Q9) What do you mean by decidable issue and undecidable issue , explain with example ?
A10)
Decidable issue
A problem is decidable if we will construct a information processing system which
Can halt in finite quantity of your time for each input and provides answer as ‘yes’ or
‘no’. A decidable downside has associate degree formula to work out the solution for
a given input.
Examples
• Equivalence of 2 regular languages: Given 2 regular languages, there’s
Associate degree formula and information processing system to make a decision
Whether or not 2 regular languages ar equal or not.

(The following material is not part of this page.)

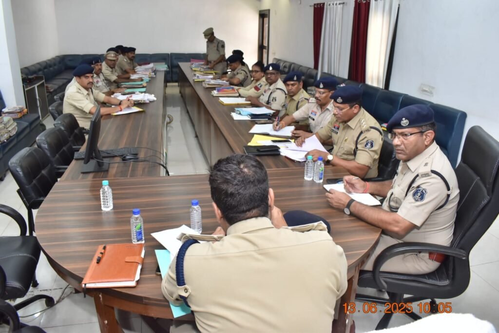 दुर्ग, 13 जून 2025: आज दिनांक 13/06/2025 को वरिष्ठ पुलिस अधीक्षक श्री विजय अग्रवाल (भा.पु.से.) ने दुर्ग जिले के पुलिस नियंत्रण कक्ष, भिलाई में दुर्ग अनुविभाग के सभी थाना एवं चौकी प्रभारियों की समीक्षा बैठक आयोजित की। इस बैठक में अनुविभाग के सभी थाना-चौकी प्रभारी और विवेचक उपस्थित रहे।

• Finiteness of normal language: Given an everyday language, there’s
Associate degree formula and information processing system to make a decision
Whether or not regular language is finite or not.
• Emptiness of context free language: Given a context free language, there’s
Associate degree formula whether or not CFL is empty or not.
Undecidable issues
A problem is undecidable if there’s no information processing system which can
Continuously halt in finite quantity of your time to provide answer as ‘yes’ or ‘no’.
Associate degree undecidable downside has no formula to work out the solution for a
Given input.
Examples
• Ambiguity of context-free languages: Given a context-free language, there’s
No information processing system which can continuously halt in finite quantity of
Your time and provides answer whether or not language is ambiguous or not.
• Equivalence of 2 context-free languages: Given 2 context-free languages,
There’s no information processing system which can continuously halt in finite
Quantity of your time and provides answer whether or not 2 context free languages ar
Equal or not.
• Everything or completeness of CFG: Given a CFG and input alphabet,
Whether or not CFG can generate all doable strings of input alphabet (∑*)is
Undecidable.
• Regularity of CFL, CSL, REC and REC: Given a CFL, CSL, REC or REC,
Determinative whether or not this language is regular is undecidable.